Speaking from first hand experience, I want to point this out so people understand the danger involved. Gasoline is very easy to ignite with an open flame (lighter or match) but hard to light with a smoldering ember (like a lit cigarette). if you pour it on something porous like a pile of brush or gravel, then the vapors that get retained in the pile add an explosive element. But even a puddle of gasoline in a metal can outside on a windy day is extremely easy to ignite. You can pour it over wet soil and it will ignite immediately if you throw a match at it. If its wet with straight gas, it will light, and possibly explode with a big whoomph if vapors are retained. Take it seriously and respect it.

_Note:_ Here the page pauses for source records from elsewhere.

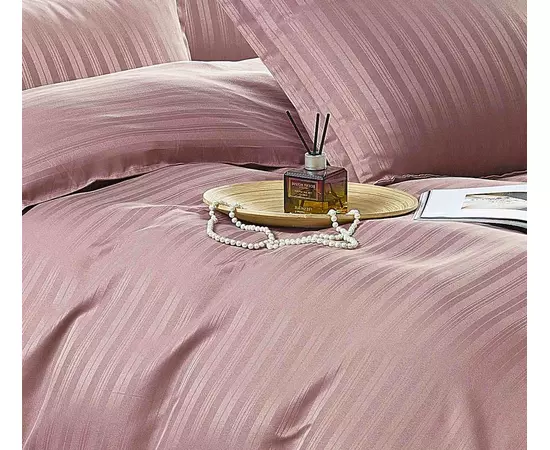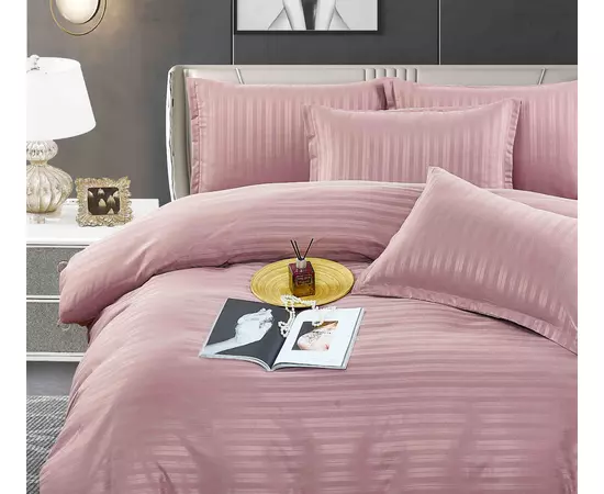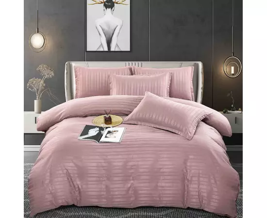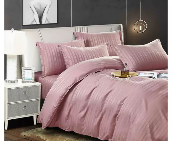 Lenjerie de Pat Damasc 6 Piese, Dungi Duble,Roz Pudra- JO335
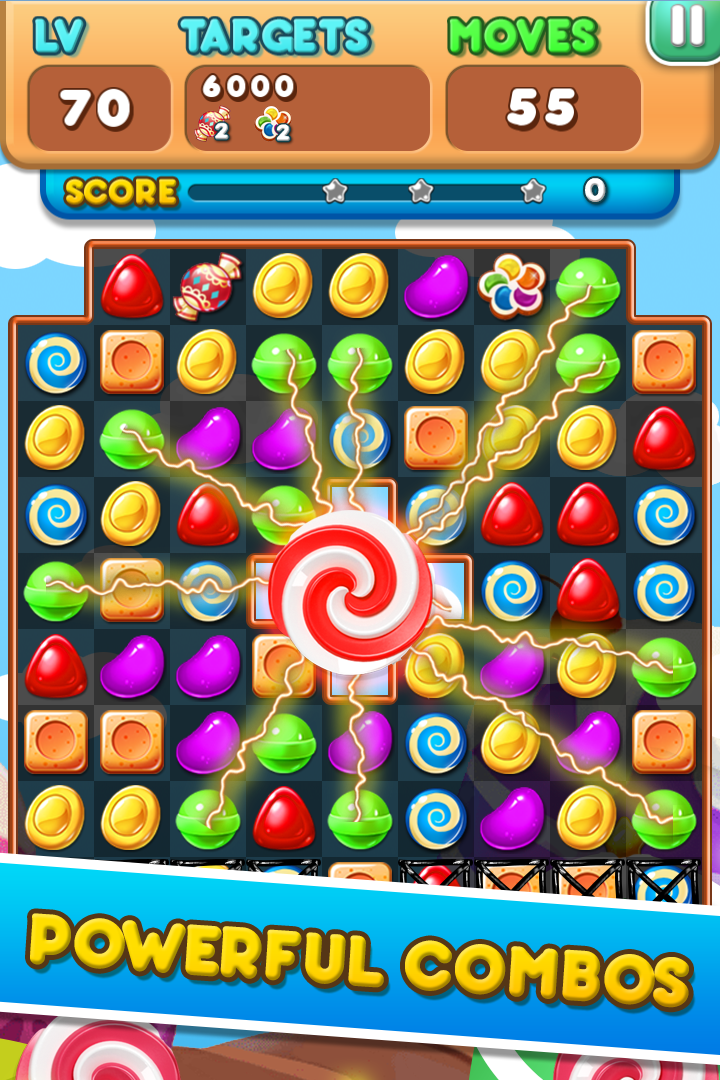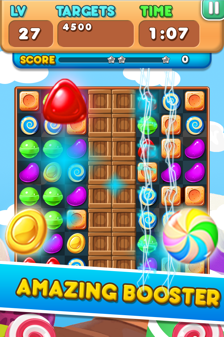 Amazing and colorful great new match 3 puzzle game Candy Sweet Frenzy
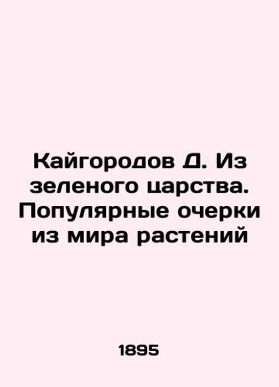Kaigorod D. From the Green Kingdom: Popular Essays from the World of Plants In Russian (ask us if in doubt)/Kaygorodov D. Iz zelenogo tsarstva. Populyarnye ocherki iz mira rasteniyWith many drawings. The sixth edition of St. Petersburg: Edition by A.S. Suvorin 1905. XVI 294 p. We have thousands of titles and often several copies of each title may be available. Please feel free to contact us for a detailed description of the copies available. SKUalbef969dbdcdd92f15
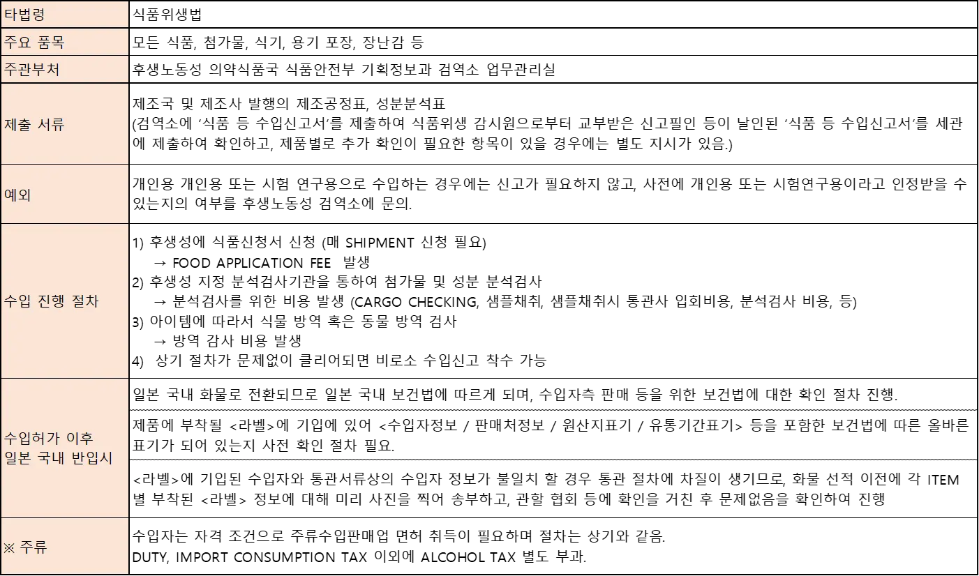 Q. 일본 수입 시, 타법령 적용 화물과 통관 절차는 어떻게 진행되나요?
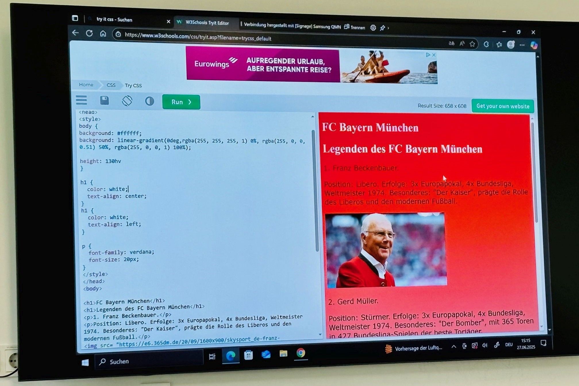 An diesem Tag konnten 150 Schüler*innen aus dem Münchner Raum, darunter auch unsere Abschlussklasse B9, zwei spannende Aktivitäten miteinander verbinden: das erste Programmieren einer Webseite in HTML/CSS und ein Fußballtraining auf dem Gelände des FC Bayern. Eine Brücke zwischen Sport und Denksport!
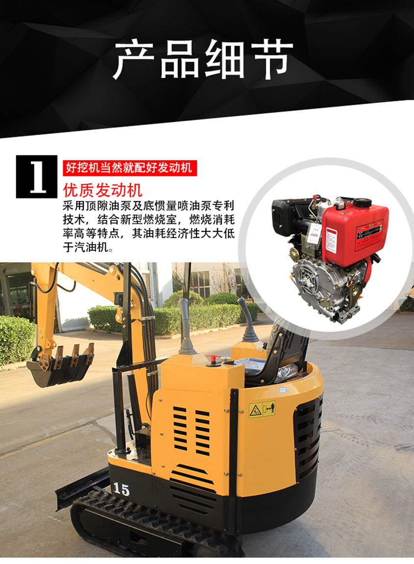 KV15小型挖掘機產品配置高,性能優越,油耗低,作業范圍廣。適合蔬菜大棚的土質疏松,市政部門的園林綠化,果園苗圃栽樹挖坑,混凝土路面破碎以及砂石料攪拌等空間狹小的施工作業
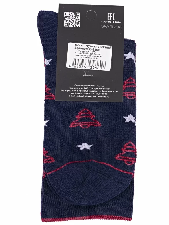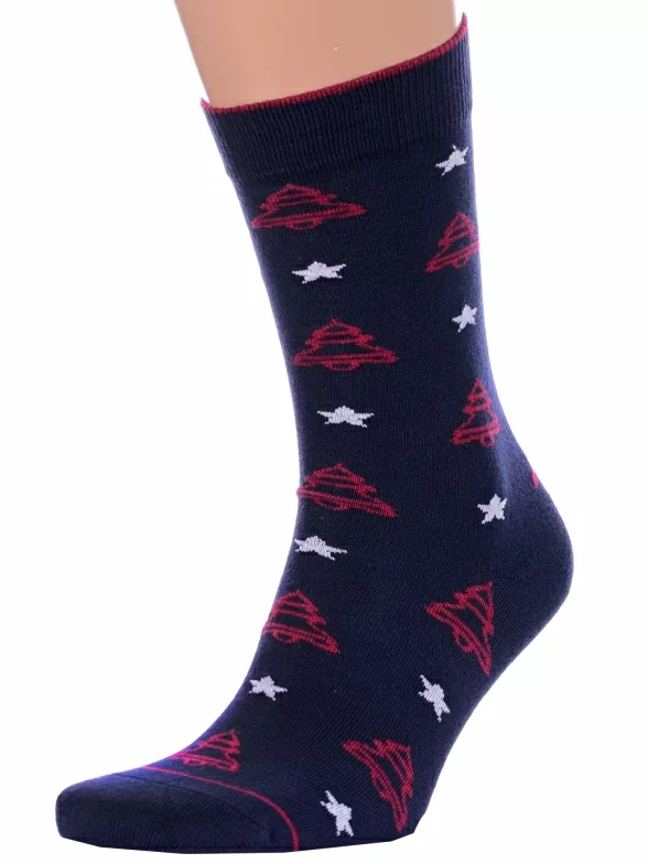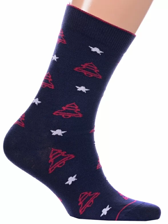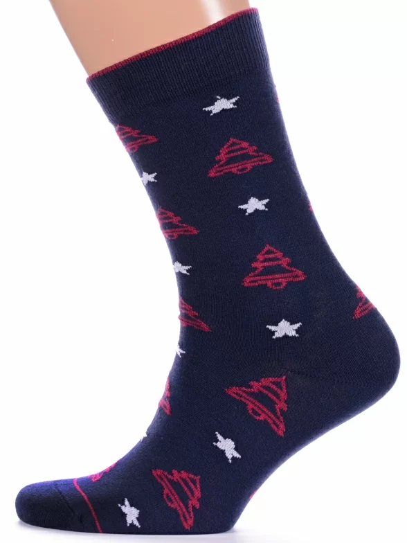 Круглогодичные средней длины мужские носки, цвет темно-синий, повседневные, возможно бесшовные, принт (рисунок): новый год, звезды / небо, с узором, состав: 68% хлопок, 21% полиамид, 7% полипропилен, 4% эластан, арт. С-1360. Производитель «КРАСНАЯ ВЕТКА» Россия под брендом «Красная ветка».
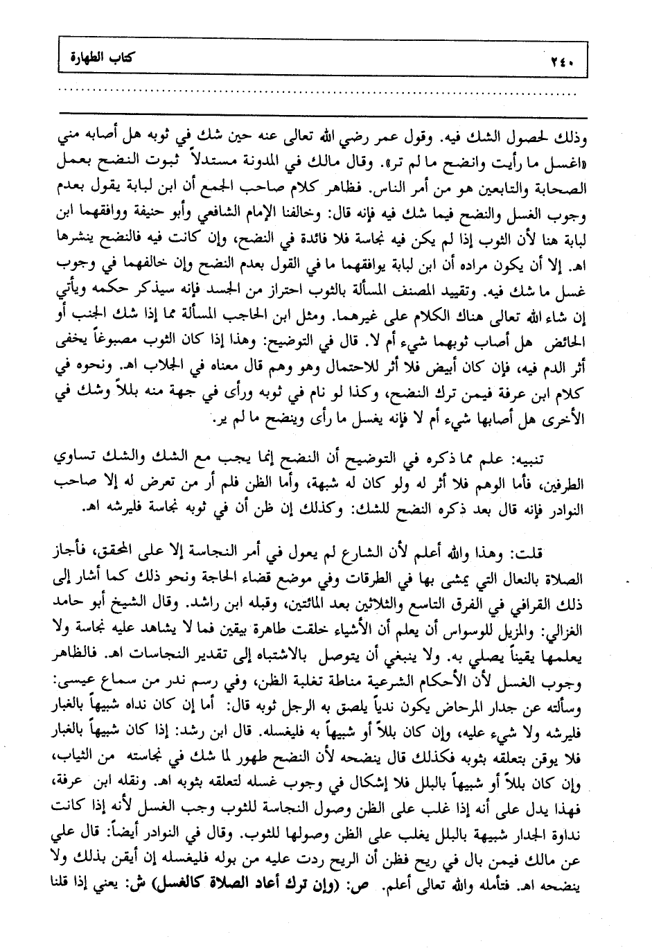 تنبيه : علم مما ذكره في التوضيح أن النضح إنما يجب مع الشك والشك تساوي الطرفين فأما الوهم فلا أثر له ولو كان له شبهة وأما الظن فلم أر من تعرض له إلا صاحب النوادر فإنه قال بعد ذكره النضح للشك وكذلك إن ظن أن في ثوبه نجاسة فليرشه اهـ.
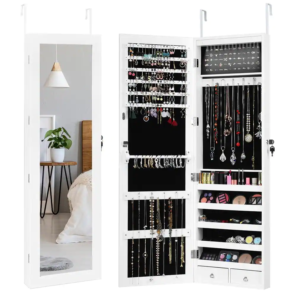 Costway Wall Door Mounted Mirror Jewelry Box Cabinet Lockable Armoire Organizer with LED Light
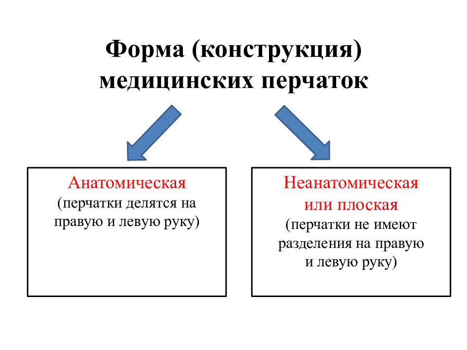 Форма ( конструкция) медицинских перчаток Анатомическая (перчатки делятся на правую и левую руку ) Неанатомическая или плоская (перчатки не имеют разделения на правую и левую руку)
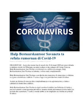 ORANJESTAD - Ayera den oranan laat di anochi dia 18 di maart 2020 un rumor infunda

Kerosene, diesel fuel, and oil mixed gasoline are surprisingly hard to ignite unless they are poured over a wicking element like cardboard, fabric, or a fiberglass wick. Lighting a puddle of it requires a blow torch for a period of time to get the fluid up to the flash point.
If you are trying to start a bonfire with boyscout juice, never use straight gasoline. Mix it atleast 10:1 with oil or 5:1 with diesel to take the bite out of it, then it will light much more safely.
The fluid itself doesn't ignite, the vapors ignite.
Exactly, dousing something and then tossing your zippo at it when waking away doesn't work
With gasoline it would definitely work, as long as the flame on the zippo didn’t get blown out by throwing it. Gasoline is very volatile and it doesn’t take much time for the vapors to exist.
With the other fuels and mixtures like in that previous reply, yeah results will vary.
True, an open flame or an electrical spark will ignite the vapors.
Maybe she doesnt smoke. Chicks who never smoked seen to struggle with lighters a lot.